The coronavirus Covid-19 pandemic has caused global stock markets to drop, commodity prices to tumble, and mine production outputs globally to take severe hits. With the outbreak likely to disrupt the global economy for several months, Mining Technology investigates the countries where a hit to the mining industry could be disastrous for the wider economy.

The Mining Contribution Index (MCI), compiled by the International Council of Mining and Minerals (ICMM), ranks the significance of the mining sector’s contribution to national economies. The most recent MCI was released in 2018 and shows that low to middle-income economies are largely dependent on the mineral sector.

According to the ICMM, MCI scores and rankings indicate the relative importance of mining to the economic life of a country; they are not a measure of success for the mining sector in those countries.

Suriname

Suriname rose 46 places over the previous edition of the MCI, topping the ranking in 2018, caused by large increases in mineral rents and in metals and minerals production value since the 2016 edition of the report. Combined with a 38% decline in Suriname’s GDP, Suriname was able to overtake countries that historically held a greater role for mining in their economies.

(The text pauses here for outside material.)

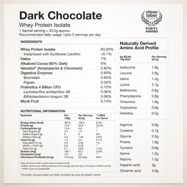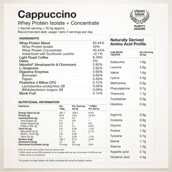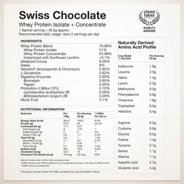 Introducing India’s first Whey protein with Velositol® clinically proven to improve muscle strength & endurance in 8 weeks. Our ultra-pure, fast-absorbing Whey protein delivers pure microfiltered protein, amino acids, with 4 Billion CFU of probiotics & natural digestive enzymes for a gut-friendly dose of goodness without any bloating. Sweetened with zero-calorie monk fruit, our whey protein is instantized for a smooth, light texture, and enriched with delicious flavours, perfect for fueling

Suriname’s main export commodities are gold and oil. There is one large-scale gold mine in Suriname, Rosebel, in which Canadian Iamgold owns a 95% stake, the remaining stake being held by the government of Suriname. The Rosebel gold mine began production in 2004, and by 2016 had produced 4.4Moz of gold.

Since 14 March 2020, Suriname’s borders and airports have been closed, following the first confirmed Covid-19 case in the country the day before. There are currently eight confirmed cases in the South American country.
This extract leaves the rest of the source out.